[[ SUPPLIED DATA open ]]

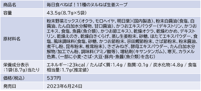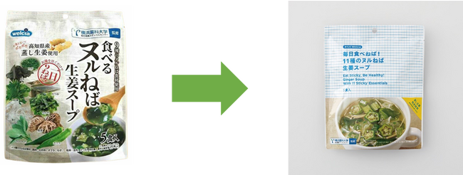 「もっとヌルねばを感じたい」というお客さまの声にお答えするため、ヌルねば食材を9種から11種に増やして、からだWelcia「毎日食べねば!11種のヌルねば生姜スープ」としてリニューアルを行いました。
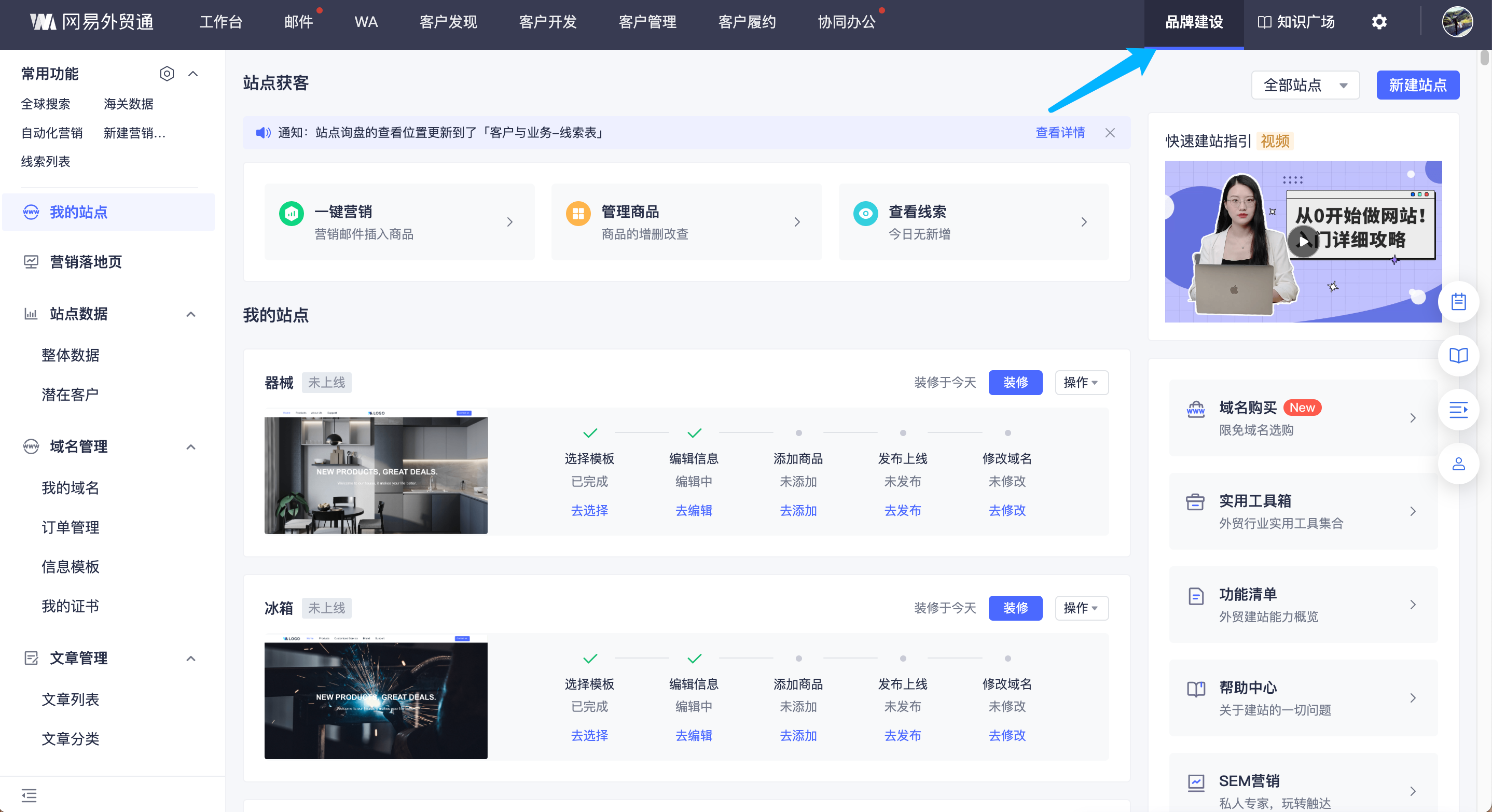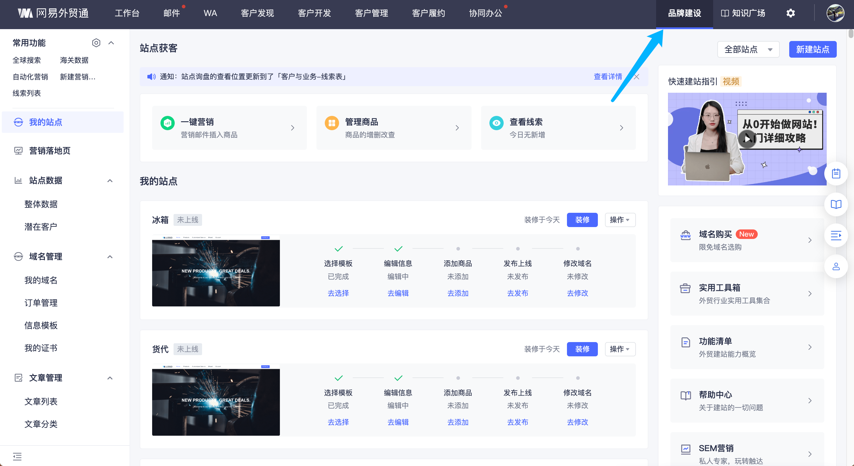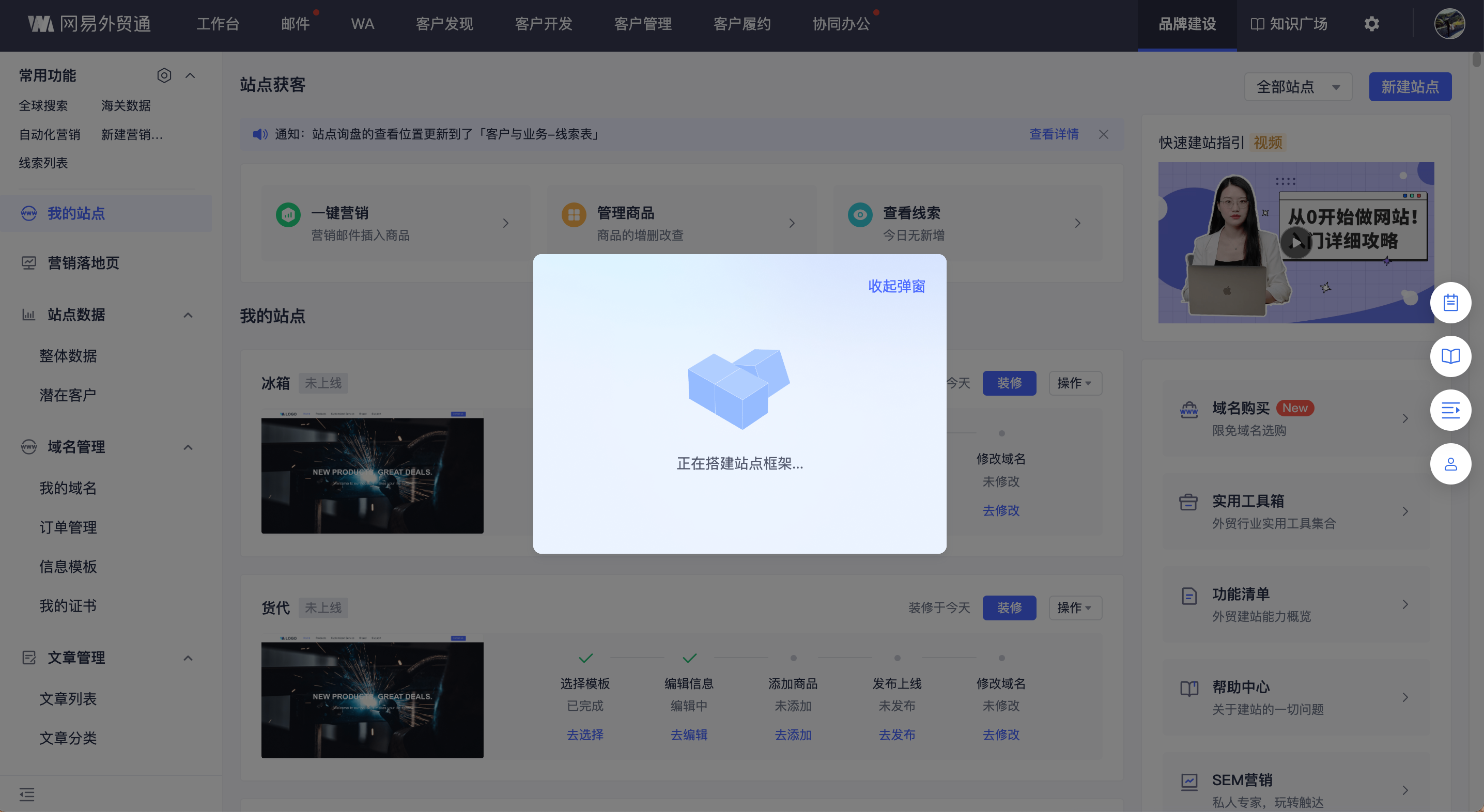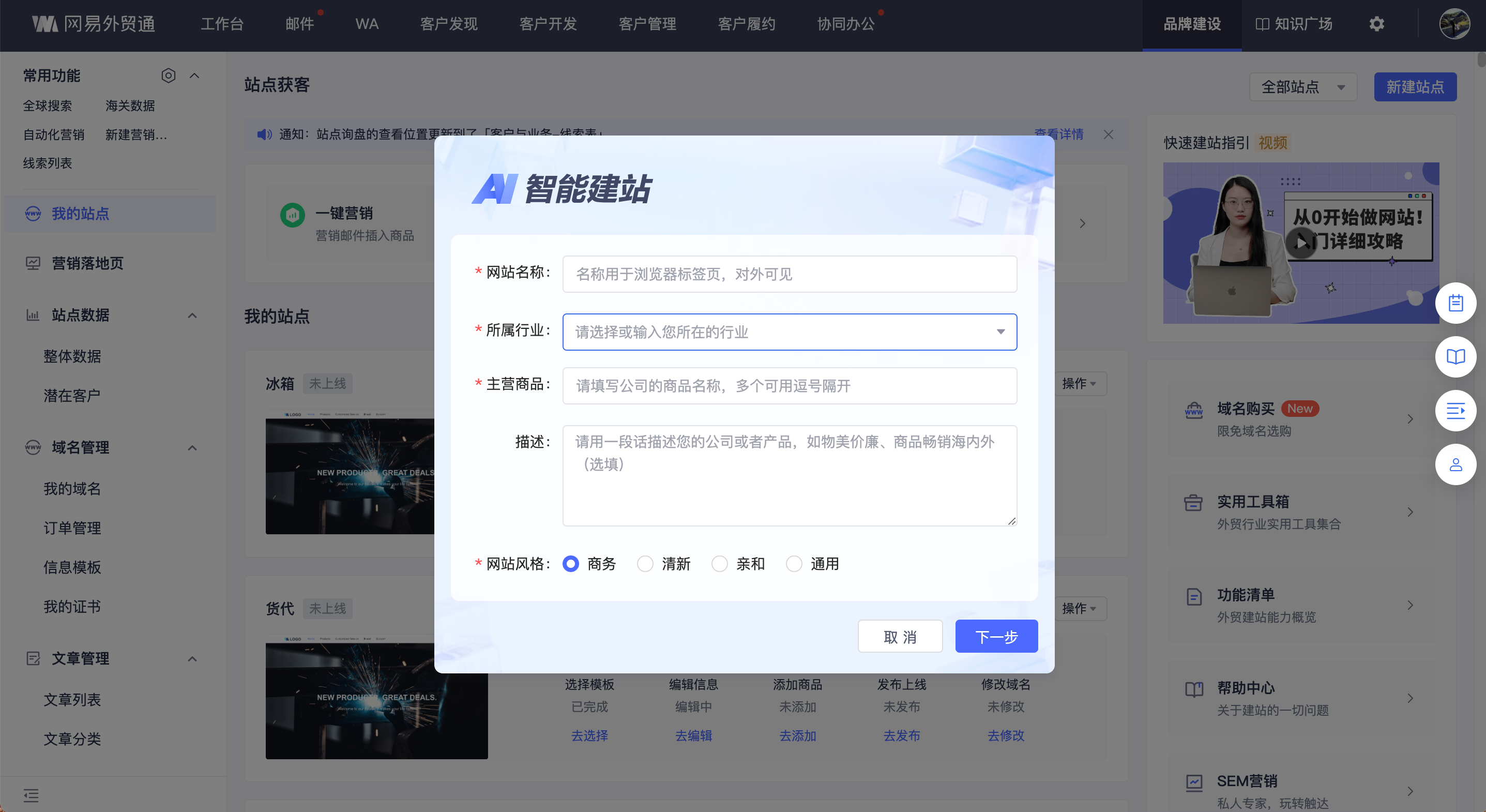 AI建站是网易外贸通建站的特色功能,可以基于企业所在的行业、商品等信息,自动生成匹配的图文,帮助企业快速完成网站的搭建。
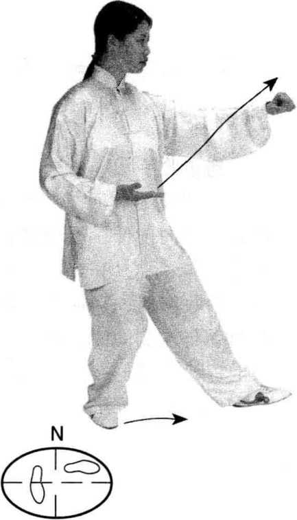 左脚向前上一步,右脚 跟步至左踝内侧,脚尖着地; 重心移向左腿;同时,右手外 旋变拳经左手腕上向前打出, 拳与胸平,拳眼向上;左手内 旋握拳屈臂,置于右肘下,拳 心向下,眼看右拳。
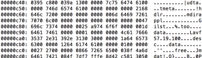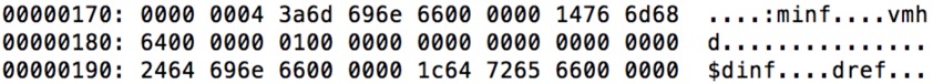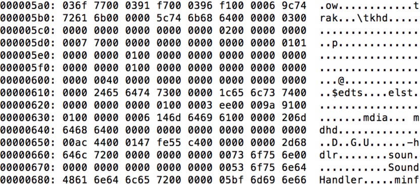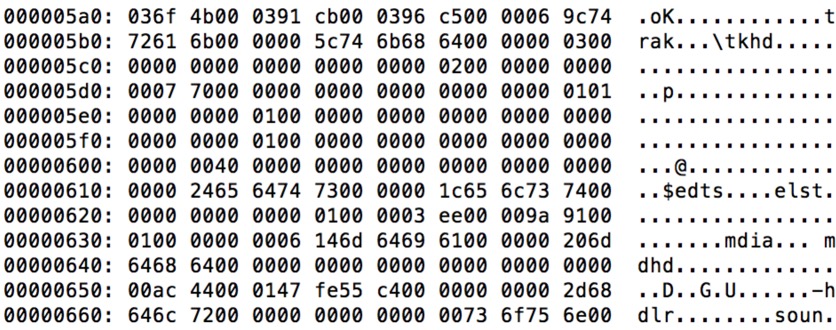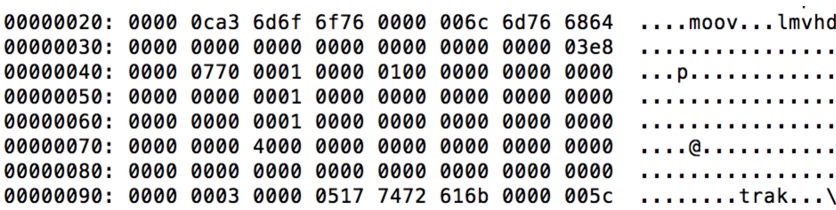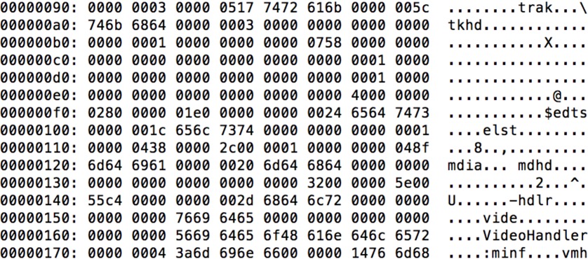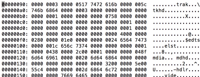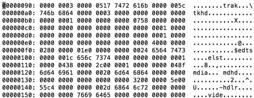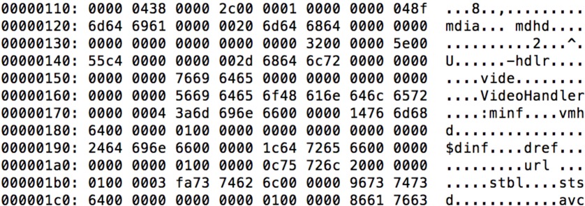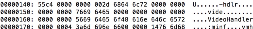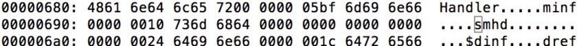 從上表中解析出來的對應的值可以看出來,這是一個視頻的Track對應的數據,對應的組件的名稱為VideoHandler和一個0x00結尾,hdlr容器解析完畢。字段

[[ SUPPLIED DATA closed ]]

▶ _THE PROBLEM_
Write out, please, the lines of the listing above from the one with "AI建站是网易外贸通建站的特" through the very last, exactly as given and with no pictures.

▶ _RESPONSE TO THE TASK_
 AI建站是网易外贸通建站的特色功能,可以基于企业所在的行业、商品等信息,自动生成匹配的图文,帮助企业快速完成网站的搭建。
 左脚向前上一步,右脚 跟步至左踝内侧,脚尖着地; 重心移向左腿;同时,右手外 旋变拳经左手腕上向前打出, 拳与胸平,拳眼向上;左手内 旋握拳屈臂,置于右肘下,拳 心向下,眼看右拳。
 從上表中解析出來的對應的值可以看出來,這是一個視頻的Track對應的數據,對應的組件的名稱為VideoHandler和一個0x00結尾,hdlr容器解析完畢。字段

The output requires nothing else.